Unnamed: 0,num_ratings,mean_rating,rating_std
Chocolate Peanut Butter Split,5,5.0,0.0
Ice Cream Sammie,31,4.967742,0.179605
Peanut Butter Half Baked®,14,4.928571,0.267261
New York Super Fudge Chunk®,63,4.904762,0.465392
Peanut Butter World®,68,4.852941,0.717889
Coffee Coffee BuzzBuzzBuzz!®,45,4.844444,0.601345
Phish Food®,91,4.835165,0.619386
Sweet Like Sugar Cookie Dough Core,119,4.781513,0.771963
Chocolate Therapy®,71,4.760563,0.783122
Americone Dream®,354,4.742938,0.676617


In [88]:
#__SOLUTION__


icecream_stats.sort_values(by='num_ratings', ascending=False)

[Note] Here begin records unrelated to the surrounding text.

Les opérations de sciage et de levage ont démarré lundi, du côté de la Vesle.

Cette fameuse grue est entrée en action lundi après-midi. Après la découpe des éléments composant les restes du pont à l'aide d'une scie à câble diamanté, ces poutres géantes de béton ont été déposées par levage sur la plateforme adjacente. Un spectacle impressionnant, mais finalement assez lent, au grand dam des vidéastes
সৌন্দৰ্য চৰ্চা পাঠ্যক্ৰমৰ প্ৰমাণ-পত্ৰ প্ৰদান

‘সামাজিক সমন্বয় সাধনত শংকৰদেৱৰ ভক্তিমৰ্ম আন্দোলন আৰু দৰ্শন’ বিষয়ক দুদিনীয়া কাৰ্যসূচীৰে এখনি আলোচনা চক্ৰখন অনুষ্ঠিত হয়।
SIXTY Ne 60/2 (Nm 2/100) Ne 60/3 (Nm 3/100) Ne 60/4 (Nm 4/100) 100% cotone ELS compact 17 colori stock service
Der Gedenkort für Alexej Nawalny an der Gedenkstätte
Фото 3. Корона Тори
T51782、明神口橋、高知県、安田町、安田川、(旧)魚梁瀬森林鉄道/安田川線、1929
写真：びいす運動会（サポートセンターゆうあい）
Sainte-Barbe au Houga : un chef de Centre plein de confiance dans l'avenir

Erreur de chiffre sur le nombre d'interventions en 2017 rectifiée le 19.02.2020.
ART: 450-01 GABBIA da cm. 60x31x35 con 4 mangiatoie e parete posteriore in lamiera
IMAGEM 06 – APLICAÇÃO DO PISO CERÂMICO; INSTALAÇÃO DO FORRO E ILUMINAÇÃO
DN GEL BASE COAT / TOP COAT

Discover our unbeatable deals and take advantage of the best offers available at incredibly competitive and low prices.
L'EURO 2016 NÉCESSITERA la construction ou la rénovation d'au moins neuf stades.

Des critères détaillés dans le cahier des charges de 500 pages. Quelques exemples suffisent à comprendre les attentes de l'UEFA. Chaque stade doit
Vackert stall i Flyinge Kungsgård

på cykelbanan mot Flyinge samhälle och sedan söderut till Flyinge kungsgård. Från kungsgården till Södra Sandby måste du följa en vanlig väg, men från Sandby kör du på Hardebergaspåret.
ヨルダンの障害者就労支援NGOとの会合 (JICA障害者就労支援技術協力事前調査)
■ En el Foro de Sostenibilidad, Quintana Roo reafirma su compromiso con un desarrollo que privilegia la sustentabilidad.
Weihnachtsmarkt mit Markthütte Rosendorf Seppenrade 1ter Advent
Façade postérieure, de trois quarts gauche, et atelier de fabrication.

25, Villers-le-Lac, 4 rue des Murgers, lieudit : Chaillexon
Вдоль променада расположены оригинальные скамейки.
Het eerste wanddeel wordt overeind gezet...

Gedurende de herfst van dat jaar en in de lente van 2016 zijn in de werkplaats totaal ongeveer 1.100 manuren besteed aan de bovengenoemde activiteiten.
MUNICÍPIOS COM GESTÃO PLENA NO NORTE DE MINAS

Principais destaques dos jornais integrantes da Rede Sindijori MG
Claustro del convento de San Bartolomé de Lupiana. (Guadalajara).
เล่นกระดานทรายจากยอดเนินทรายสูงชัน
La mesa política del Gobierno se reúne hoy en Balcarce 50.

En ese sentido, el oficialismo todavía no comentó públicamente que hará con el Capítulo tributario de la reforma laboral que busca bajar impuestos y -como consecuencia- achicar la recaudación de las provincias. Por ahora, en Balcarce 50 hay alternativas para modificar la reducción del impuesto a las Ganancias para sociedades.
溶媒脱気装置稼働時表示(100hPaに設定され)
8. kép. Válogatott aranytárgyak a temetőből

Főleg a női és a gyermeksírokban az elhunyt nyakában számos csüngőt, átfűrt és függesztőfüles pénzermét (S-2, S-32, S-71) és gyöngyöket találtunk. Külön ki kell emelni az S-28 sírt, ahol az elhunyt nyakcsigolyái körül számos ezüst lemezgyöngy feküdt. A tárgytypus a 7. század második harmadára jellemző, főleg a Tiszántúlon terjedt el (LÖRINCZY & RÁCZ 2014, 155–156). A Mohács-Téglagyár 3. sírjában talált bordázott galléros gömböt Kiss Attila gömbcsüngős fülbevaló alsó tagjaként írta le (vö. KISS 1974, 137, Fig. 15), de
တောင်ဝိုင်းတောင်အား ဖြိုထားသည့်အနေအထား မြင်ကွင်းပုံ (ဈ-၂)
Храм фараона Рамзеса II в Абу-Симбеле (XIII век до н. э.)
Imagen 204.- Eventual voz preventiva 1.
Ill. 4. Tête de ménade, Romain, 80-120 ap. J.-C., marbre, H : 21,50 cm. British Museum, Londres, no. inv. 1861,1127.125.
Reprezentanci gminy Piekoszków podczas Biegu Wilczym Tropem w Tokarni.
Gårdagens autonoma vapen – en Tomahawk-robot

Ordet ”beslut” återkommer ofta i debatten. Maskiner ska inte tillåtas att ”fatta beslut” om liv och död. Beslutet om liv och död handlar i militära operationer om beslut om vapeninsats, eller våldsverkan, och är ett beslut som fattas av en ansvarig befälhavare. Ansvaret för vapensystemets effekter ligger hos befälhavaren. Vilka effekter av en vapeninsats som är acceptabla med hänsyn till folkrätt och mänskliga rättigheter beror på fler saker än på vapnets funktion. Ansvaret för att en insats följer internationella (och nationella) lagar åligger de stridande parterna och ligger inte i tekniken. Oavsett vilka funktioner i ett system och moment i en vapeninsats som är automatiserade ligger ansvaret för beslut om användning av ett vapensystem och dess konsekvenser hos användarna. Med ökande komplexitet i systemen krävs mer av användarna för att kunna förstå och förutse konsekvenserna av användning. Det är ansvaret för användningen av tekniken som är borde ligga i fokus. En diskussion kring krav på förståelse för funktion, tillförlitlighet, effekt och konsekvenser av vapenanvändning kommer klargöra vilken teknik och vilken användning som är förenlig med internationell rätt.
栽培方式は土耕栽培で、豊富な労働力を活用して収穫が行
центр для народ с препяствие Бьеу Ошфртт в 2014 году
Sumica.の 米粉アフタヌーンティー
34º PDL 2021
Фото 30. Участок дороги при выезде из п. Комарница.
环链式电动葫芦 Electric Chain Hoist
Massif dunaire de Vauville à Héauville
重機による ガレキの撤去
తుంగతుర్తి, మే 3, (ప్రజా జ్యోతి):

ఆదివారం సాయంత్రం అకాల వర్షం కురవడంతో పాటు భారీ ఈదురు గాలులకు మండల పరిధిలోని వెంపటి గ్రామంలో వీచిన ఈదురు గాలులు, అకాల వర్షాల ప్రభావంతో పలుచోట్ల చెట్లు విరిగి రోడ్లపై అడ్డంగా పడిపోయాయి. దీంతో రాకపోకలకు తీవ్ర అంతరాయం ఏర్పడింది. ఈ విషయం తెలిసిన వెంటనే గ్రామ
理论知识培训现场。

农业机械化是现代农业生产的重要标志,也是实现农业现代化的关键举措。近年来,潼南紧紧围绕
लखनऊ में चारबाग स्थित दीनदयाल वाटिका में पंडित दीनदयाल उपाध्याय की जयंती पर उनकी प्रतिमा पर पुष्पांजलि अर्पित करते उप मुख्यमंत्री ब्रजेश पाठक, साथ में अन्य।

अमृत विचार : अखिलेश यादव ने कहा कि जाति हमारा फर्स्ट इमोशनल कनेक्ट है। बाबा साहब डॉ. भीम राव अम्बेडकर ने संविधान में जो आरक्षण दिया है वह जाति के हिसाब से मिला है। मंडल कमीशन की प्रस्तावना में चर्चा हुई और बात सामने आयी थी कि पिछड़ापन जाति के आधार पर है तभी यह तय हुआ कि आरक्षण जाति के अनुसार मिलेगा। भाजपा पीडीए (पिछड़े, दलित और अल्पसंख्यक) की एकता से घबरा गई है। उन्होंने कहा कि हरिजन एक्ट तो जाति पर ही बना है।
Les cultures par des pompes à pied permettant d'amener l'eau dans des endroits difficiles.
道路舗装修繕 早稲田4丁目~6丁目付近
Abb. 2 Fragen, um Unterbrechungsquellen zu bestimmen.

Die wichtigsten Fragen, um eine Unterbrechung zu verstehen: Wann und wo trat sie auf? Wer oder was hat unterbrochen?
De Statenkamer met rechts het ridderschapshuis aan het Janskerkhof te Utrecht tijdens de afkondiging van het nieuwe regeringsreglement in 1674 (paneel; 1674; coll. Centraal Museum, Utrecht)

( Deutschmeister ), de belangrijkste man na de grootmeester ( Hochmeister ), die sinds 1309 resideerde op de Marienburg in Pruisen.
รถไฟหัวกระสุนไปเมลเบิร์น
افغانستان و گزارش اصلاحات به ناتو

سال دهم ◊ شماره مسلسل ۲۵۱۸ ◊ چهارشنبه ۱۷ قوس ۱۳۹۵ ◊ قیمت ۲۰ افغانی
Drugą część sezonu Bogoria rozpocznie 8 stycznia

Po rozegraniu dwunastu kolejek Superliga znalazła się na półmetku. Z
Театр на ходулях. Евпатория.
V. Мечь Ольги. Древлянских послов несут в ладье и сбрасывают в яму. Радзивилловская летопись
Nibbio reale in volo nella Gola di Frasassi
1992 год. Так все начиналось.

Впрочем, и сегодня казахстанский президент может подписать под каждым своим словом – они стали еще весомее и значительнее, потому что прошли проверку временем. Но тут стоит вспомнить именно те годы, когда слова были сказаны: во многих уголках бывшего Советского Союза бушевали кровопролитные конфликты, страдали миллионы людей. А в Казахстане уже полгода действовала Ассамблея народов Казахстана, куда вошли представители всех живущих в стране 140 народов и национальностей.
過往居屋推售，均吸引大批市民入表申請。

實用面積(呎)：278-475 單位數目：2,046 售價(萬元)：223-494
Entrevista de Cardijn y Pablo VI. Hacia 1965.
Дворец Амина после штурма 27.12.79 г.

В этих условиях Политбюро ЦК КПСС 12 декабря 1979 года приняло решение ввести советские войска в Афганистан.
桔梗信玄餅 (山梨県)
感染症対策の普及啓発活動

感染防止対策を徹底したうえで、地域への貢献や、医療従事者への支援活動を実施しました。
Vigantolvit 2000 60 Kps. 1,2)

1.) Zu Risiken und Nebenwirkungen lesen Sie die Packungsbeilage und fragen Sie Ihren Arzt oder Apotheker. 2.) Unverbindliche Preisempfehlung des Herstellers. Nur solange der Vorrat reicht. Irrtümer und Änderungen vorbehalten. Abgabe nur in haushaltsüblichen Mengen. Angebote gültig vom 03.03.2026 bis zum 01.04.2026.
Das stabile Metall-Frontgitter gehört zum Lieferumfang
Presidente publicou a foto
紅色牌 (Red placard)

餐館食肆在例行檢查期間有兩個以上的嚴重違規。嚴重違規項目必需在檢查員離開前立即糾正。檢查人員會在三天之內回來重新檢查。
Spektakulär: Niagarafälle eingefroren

Unnamed: 0,num_ratings,mean_rating,rating_std
Chocolate Chip Cookie Dough,927,4.554477,0.95752
Half Baked®,829,4.691194,0.850508
The Tonight Dough®,596,4.716443,0.761554
Americone Dream®,354,4.742938,0.676617
Coffee Toffee Bar Crunch,293,2.887372,1.915406
Gimme S’more!™,276,4.456522,1.233588
Oat of This Swirled™,248,4.564516,0.941546
Strawberry Cheesecake,221,4.642534,0.931178
Salted Caramel Core,204,3.676471,1.479993
Chocolate Fudge Brownie,197,3.360406,1.79769


In [89]:
# Is our hypothesis correct?

#

If you haven't already, check the correlations between the mean ratings, number of ratings, and standard deviation of the ratings.  Are any of them correlated?

In [90]:
#__SOLUTION__

icecream_stats.corr()

Unnamed: 0,num_ratings,mean_rating,rating_std
num_ratings,1.0,-0.038854,0.003156
mean_rating,-0.038854,1.0,-0.753064
rating_std,0.003156,-0.753064,1.0


In [91]:
#__SOLUTION__


# Are there any strong correlations between these statistics?  What does this chart tell you?

# There is a strong negative correlation between std and mean rating.
# This tells me that the more popular a flavor is, the more often reviewers agree on the rating.
#

# Summary

In [92]:
# Based on our analysis so far, which 5 icecream flavors do you think retailers should stock?

#
#
#

# Are their any flavors that manufacturers should consider discontinuing?  If so, which ones?

#
#
#

# Conclusion:

In this notebook you:
1. Examined summary statistics about a dataframe and used them to make choices about feature selection.
2. Created a new dataframe
3. Grouped a dataframe by a feature
4. Returned statistics about categories in a feature
5. Examined correlations between features
6. Used your statistical analysis to make a recommendation to stakeholders.